Mitchell Corporation (株式会社ミッチェル) was a Japanese video game developer based in the Suginami ward of Tokyo. Roy Ozaki served as president, and Koichi Niida served as vice-president. Some employees were former Capcom and TAD Corporation employees.
Mitchell Corporation developed titles for home consoles, handhelds, Japanese mobile phones, the arcade[1] and interactive kiosks located in restaurants and other places. Mitchell also distributed printed circuit boards for the arcade/coin-op market. The company also developed video games for other publishers. Starting in 2004, they started developing games only for Nintendo hardware.
History
The company was originally established on February 1, 1960, as an import/export business by the father of Roy Ozaki. Ozaki and Niida took over the company and began acting as exclusive overseas agents for such video game companies as Visco, Video System, Seta, Metro, Home Data, and other small video game manufacturers in the 1980s.
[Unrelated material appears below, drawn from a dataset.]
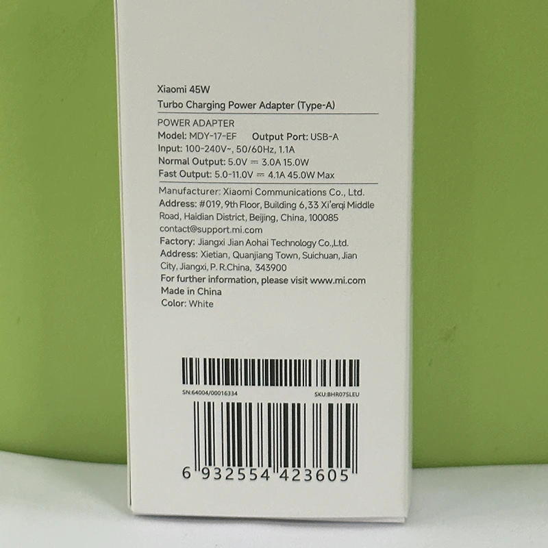Product Name: Xiaomi 45W Turbo Charging Power Adapter (Type-A)
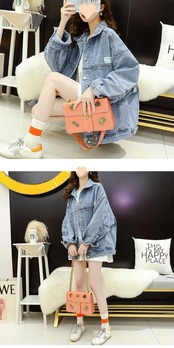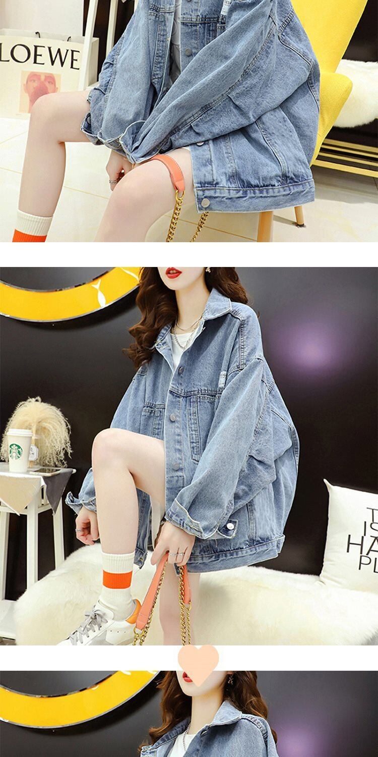 オーバーサイズ デニムジャケット レディース 春秋ライトアウター 長袖 ジージャン Gジャン ネイビー(刺?アリ)

Mitchell Corporation is best known as the game developer of Puzz Loop. Copyright and trademark registration of Puzz Loop was established in December 1999, the same year it was released to the international coin-op arcade market. Prior to this, it developed the Buster Bros. series of games. Puzz Loop was first released in North America, as well as Europe, under the title Ballistic for the original PlayStation console and Game Boy Color handheld. Infogrames published the PlayStation and Game Boy Color versions in North America in late 1999, while THQ published these same versions for European territories. Capcom published both versions for the Japanese market under the original Puzz Loop title in 2000.
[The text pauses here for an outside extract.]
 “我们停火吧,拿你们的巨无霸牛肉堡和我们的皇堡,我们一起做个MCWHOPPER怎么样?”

Nintendo of America released Puzz Loop for the Nintendo DS under the title Magnetica on June 5, 2006. A four-player version, titled Magnetica Twist was released two years later on the WiiWare service. Tokyo Crash Mobs is the latest instalment of the Puzz Loop series.
Company activity was suspended on 20 November 2012.[2]
Since 2012
In 2014 a book, The Untold History of Japanese Game Developers: Volume 1, was published containing an interview with Mitchell Corp CEO Roy Ozaki who mentioned that many of their IPs were available for licensing.[3]